■ EXERCISE DATA
........
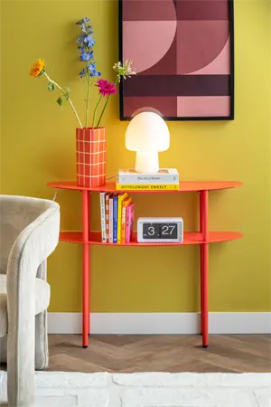 Dette konsolbord fra Leitmotiv er fremstillet af jern, hvilket giver en robust konstruktion, der holder i mange år. Den lyse skarlagenrøde farve tilføjer et dristigt element til dit hjem og skaber et visuelt fokuspunkt, der fanger opmærksomheden.
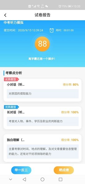 2、进行口语练习时,支持智能跟读,测一测个人说英语的能力;
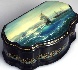 The artist achieves some very good textures here. The water looks strikingly realistic. She does a nice job with the highlights and shadows on the ship situated in the foreground, adding an almost photographic realism to this work. The forms in the distance are naturally less detailed, creating a sense of depth and conveying the effect of humidity in the atmosphere. In the distance, there are some grey clouds near the horizon; perhaps there is a faraway rainstorm. A gorgeously detailed ship and vivid blue color gives this box a splendid appearance. A very pretty scene!
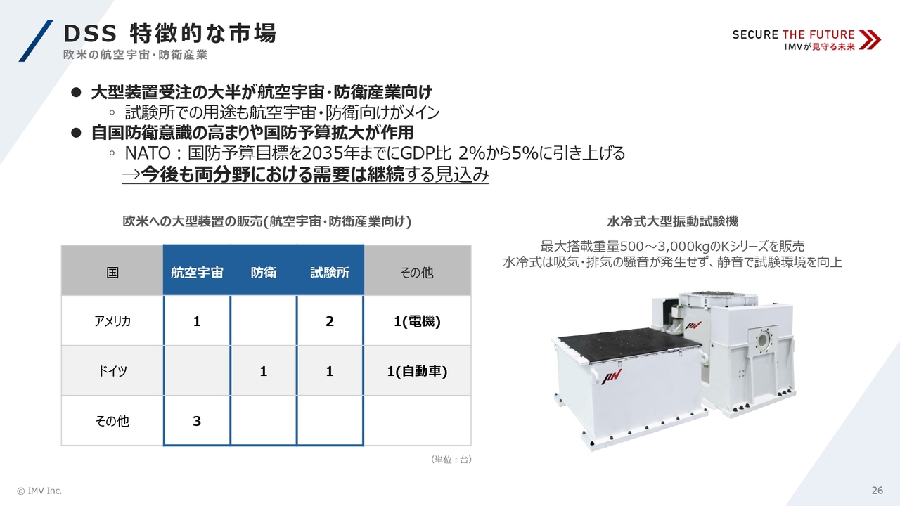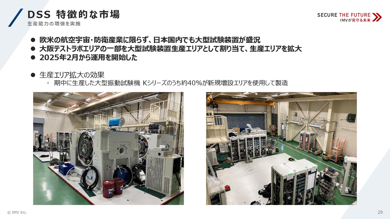 スライド右下に記載の当社Kシリーズは、最大搭載質量3トンを許容でき、この大型装置の納入実績が当期の売上を大きく押し上げました。スライドの表に記載のとおり、大型装置受注の大半は航空宇宙・防衛産業向けとなっています。
........
■ EXERCISE GOAL
Down to the last line, reproduce the material above exactly; skip its images.

■ RESULT
 Dette konsolbord fra Leitmotiv er fremstillet af jern, hvilket giver en robust konstruktion, der holder i mange år. Den lyse skarlagenrøde farve tilføjer et dristigt element til dit hjem og skaber et visuelt fokuspunkt, der fanger opmærksomheden.
 2、进行口语练习时,支持智能跟读,测一测个人说英语的能力;
 The artist achieves some very good textures here. The water looks strikingly realistic. She does a nice job with the highlights and shadows on the ship situated in the foreground, adding an almost photographic realism to this work. The forms in the distance are naturally less detailed, creating a sense of depth and conveying the effect of humidity in the atmosphere. In the distance, there are some grey clouds near the horizon; perhaps there is a faraway rainstorm. A gorgeously detailed ship and vivid blue color gives this box a splendid appearance. A very pretty scene!
 スライド右下に記載の当社Kシリーズは、最大搭載質量3トンを許容でき、この大型装置の納入実績が当期の売上を大きく押し上げました。スライドの表に記載のとおり、大型装置受注の大半は航空宇宙・防衛産業向けとなっています。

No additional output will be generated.